Your answer should hold only the lines from the one with "Your holiday celebrations" through the end of the records, repeated exactly and minus any pictures.

== Task inputs

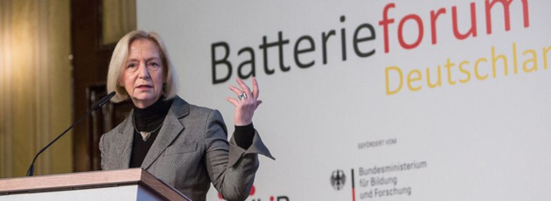 In ihrem Grußwort zum dritten Batterieforum Deutschland in Berlin betonte die Bundesministerin für Bildung und Forschung Prof. Dr. Johanna Wanka, dass eine deutsche Batteriezellfertigung ein wesentliches Element für eine erfolgreiche Umsetzung der Elektromobilität und der Energiewende ist.
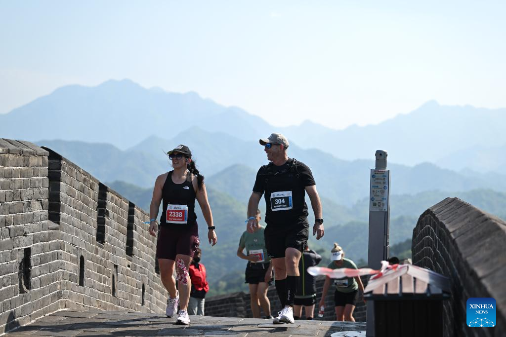 Participantes compiten durante el Maratón de la Gran Muralla, en Tianjin, en el norte de China, el 17 de mayo de 2025. (Xinhua/Li Ran)
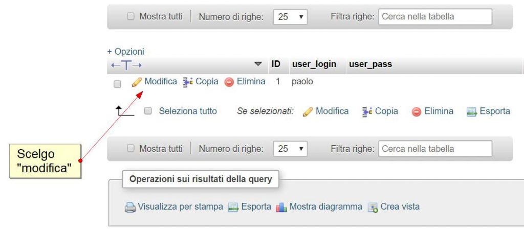 Ipotizzo che si abbia accesso al database del nostro wordpress tramite la comoda interfaccia fornita da phpmyadmin.
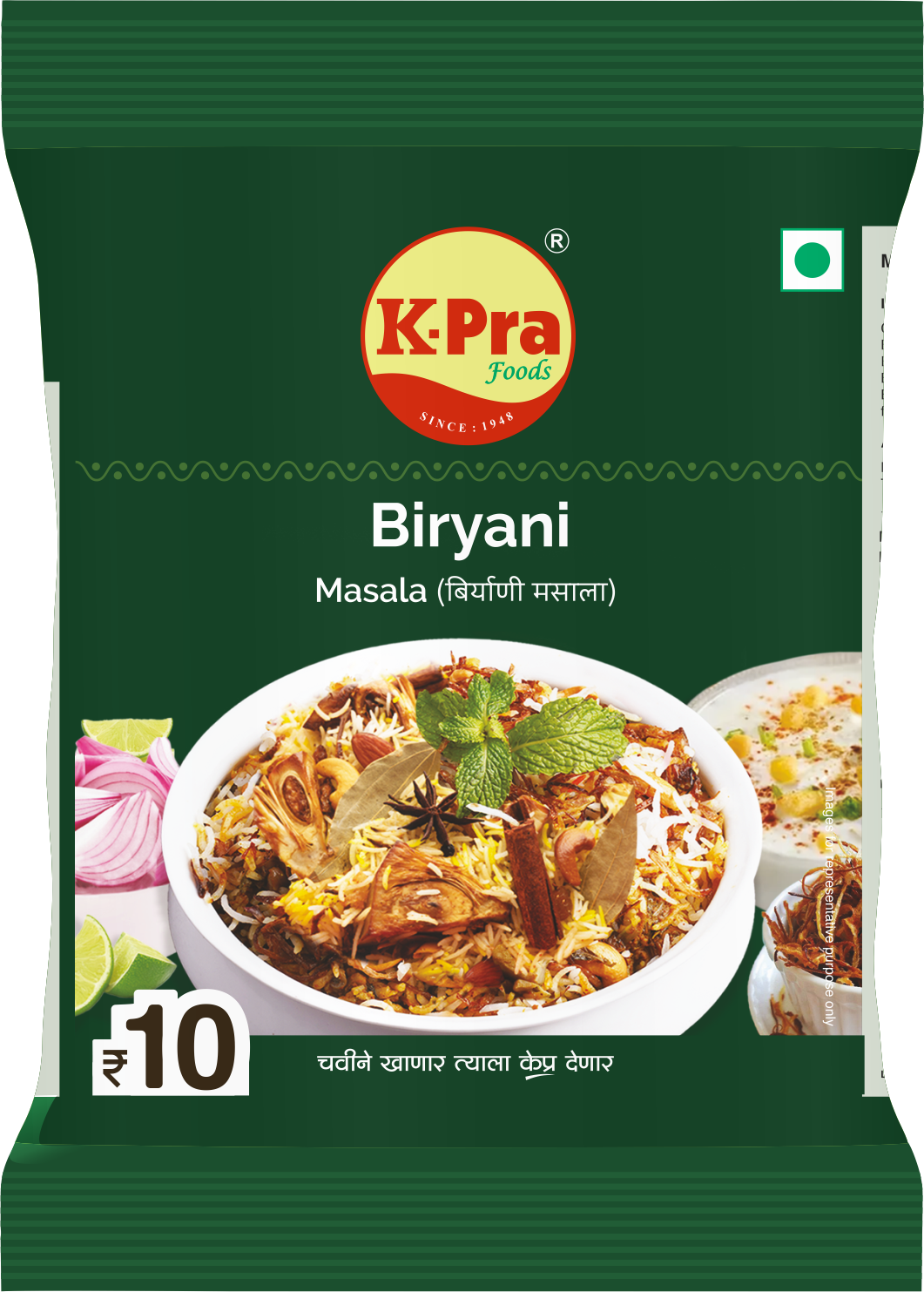 K-Pra Biryani Masala is a perfect blend of quality raw material, roasted and grinded to give you an authentic taste
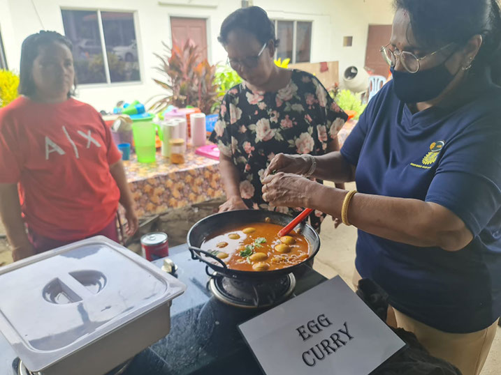 Egg Curry demonstration by PP Anurathe for the ladies of the settlement
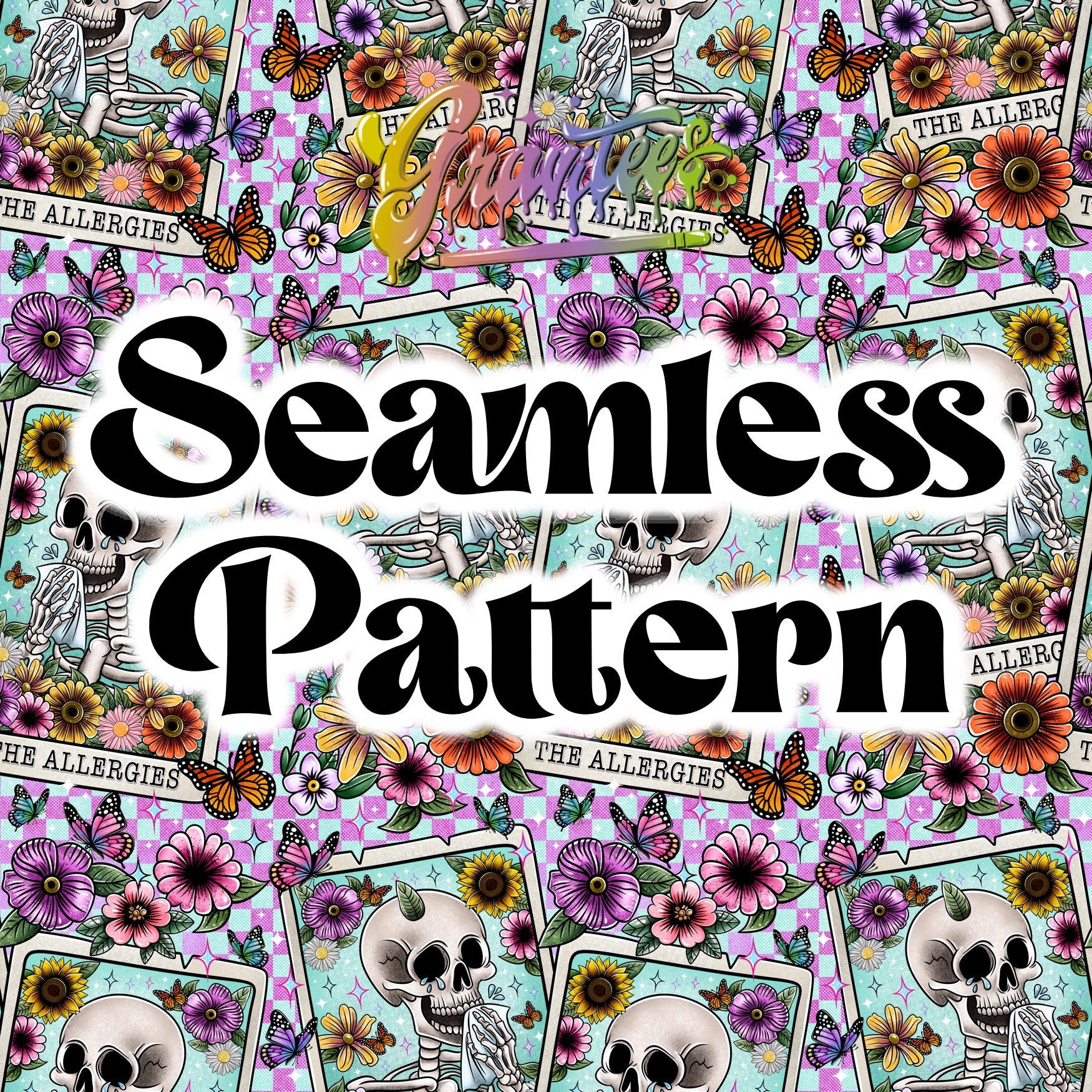 The Allergies Tarot Skeleton Seamless Design Png, Tarot Clipart, Skeleton Clipart for DTF or Shirt Printing, PNG Only!
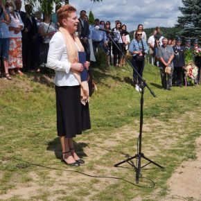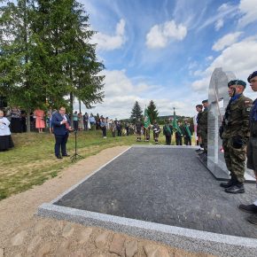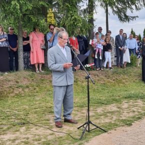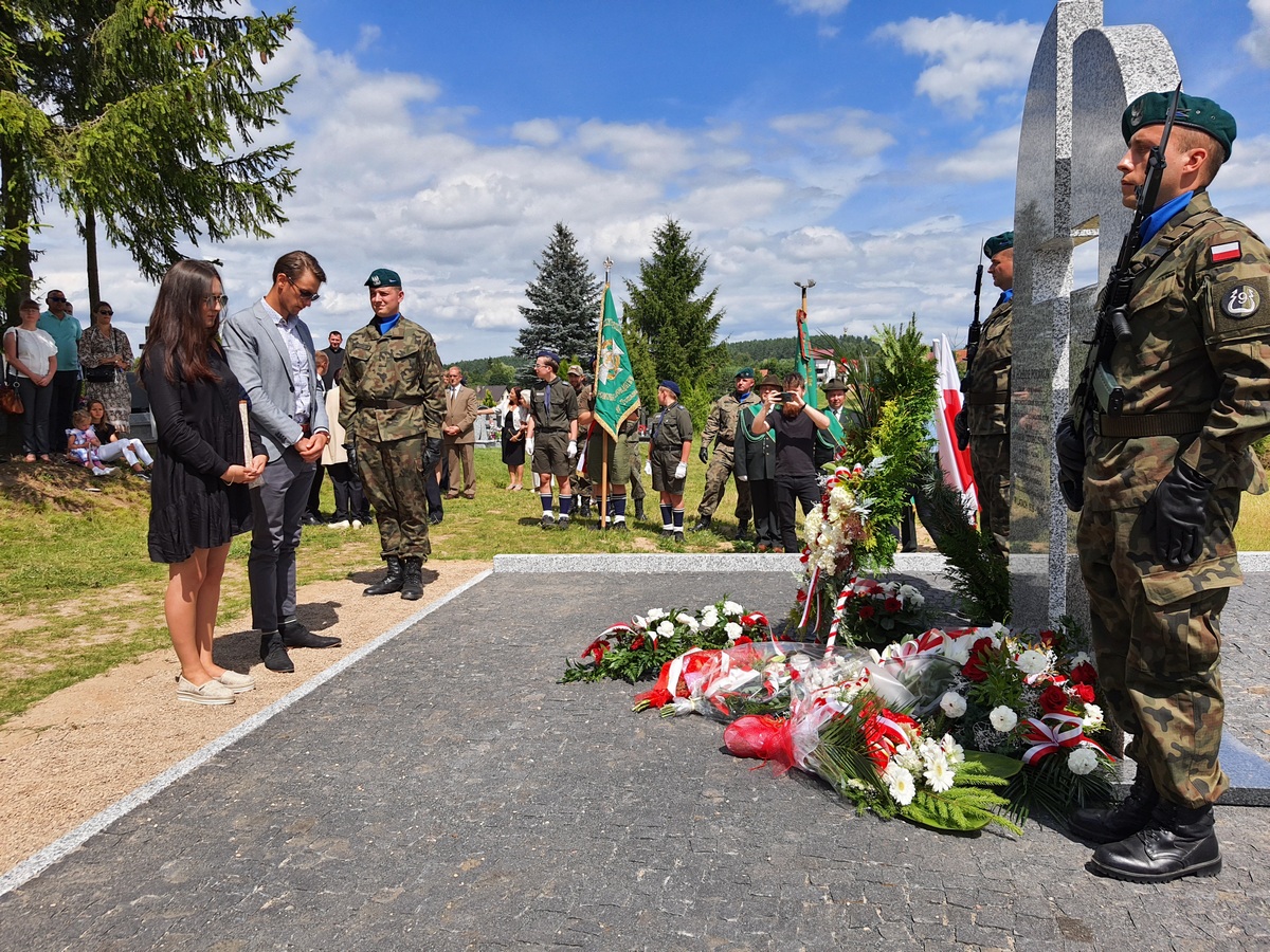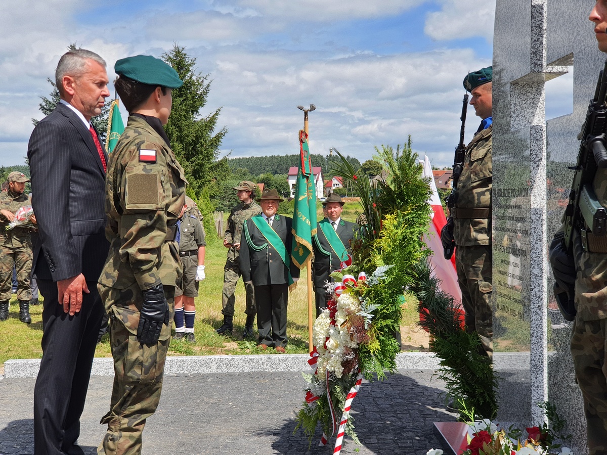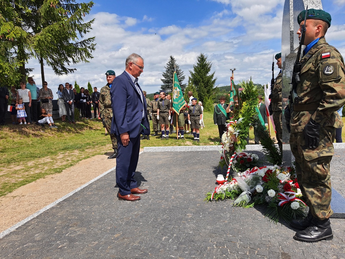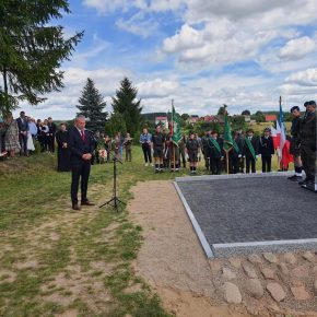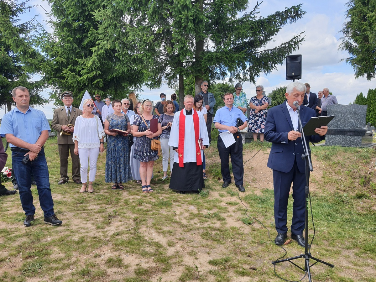 Wstęgę odsłaniającą pomnik przecięli Przedstawiciel Wojewody Warmińsko – Mazurskiego do spraw Kombatantów i Osób Represjonowanych Pan Władysław Kałudziński, Świadek Historii Józef Januszkiewicz i Pani Jadwiga Senderowska, Pan Daniel Kaźmierczak oraz Generał Dywizji Wojska Polskiego Pan Lech Stefaniak. Pomnik poświęcił ksiądz Roman Lompa, a przybyłe delegacje złożyły znicze i kwiaty.
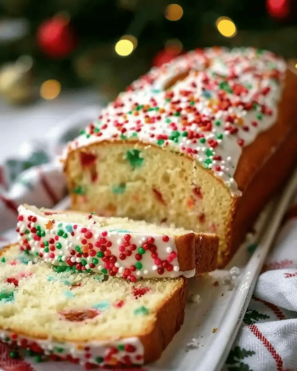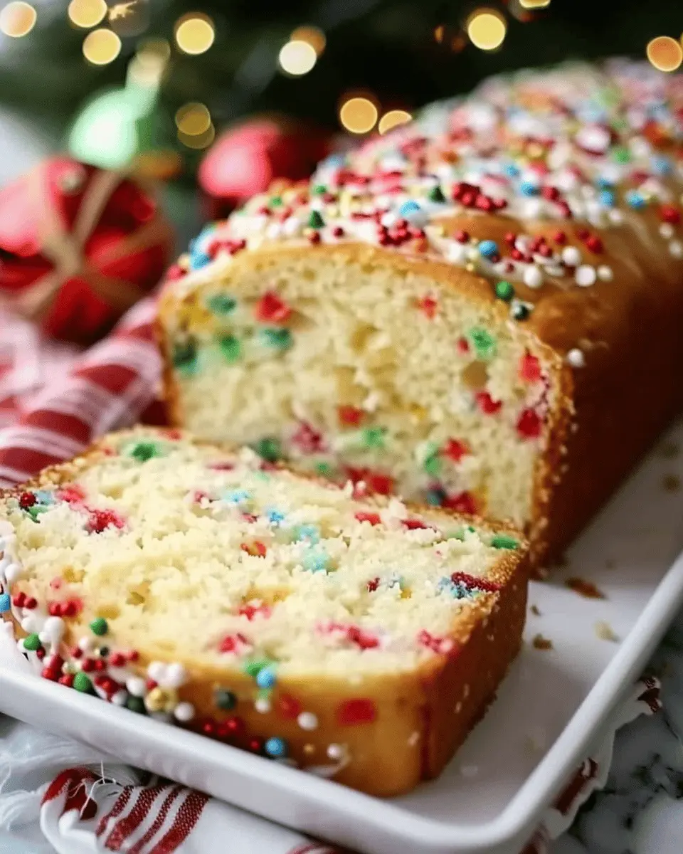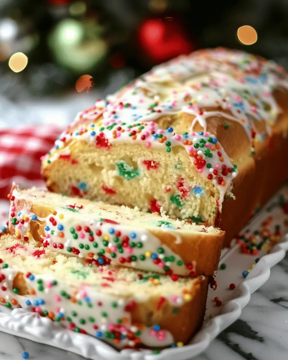 Your holiday celebrations deserve a standout dish, and Christmas Sprinkle Buttermilk Bread is perfect for potlucks or festive brunches. Cut it into mini loaves or muffins for easy sharing, and consider a beautiful presentation on a festive platter. Drizzle a simple vanilla glaze over the top or sprinkle with powdered sugar for an elegant finish. For drinks, serve it with spiced apple cider or a rich hot chocolate to warm everyone’s spirits. This recipe is not just food; it’s a centerpiece of joy that sparks conversations and creates lasting memories.
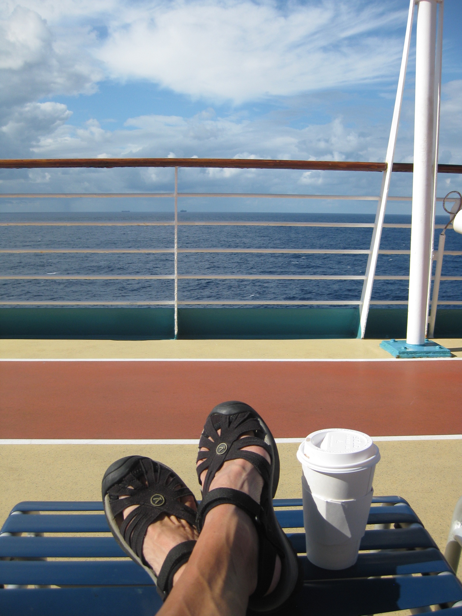 It’s surprising how quickly time can pass when doing nothing. Before long I will have to rouse myself to dress for dinner, it being formal night. First I’ll lounge in the sun a little longer. Read more of my book. Doze. And watch the waves go by. While I’m at sea.

====

» Response area:
 Your holiday celebrations deserve a standout dish, and Christmas Sprinkle Buttermilk Bread is perfect for potlucks or festive brunches. Cut it into mini loaves or muffins for easy sharing, and consider a beautiful presentation on a festive platter. Drizzle a simple vanilla glaze over the top or sprinkle with powdered sugar for an elegant finish. For drinks, serve it with spiced apple cider or a rich hot chocolate to warm everyone’s spirits. This recipe is not just food; it’s a centerpiece of joy that sparks conversations and creates lasting memories.
 It’s surprising how quickly time can pass when doing nothing. Before long I will have to rouse myself to dress for dinner, it being formal night. First I’ll lounge in the sun a little longer. Read more of my book. Doze. And watch the waves go by. While I’m at sea.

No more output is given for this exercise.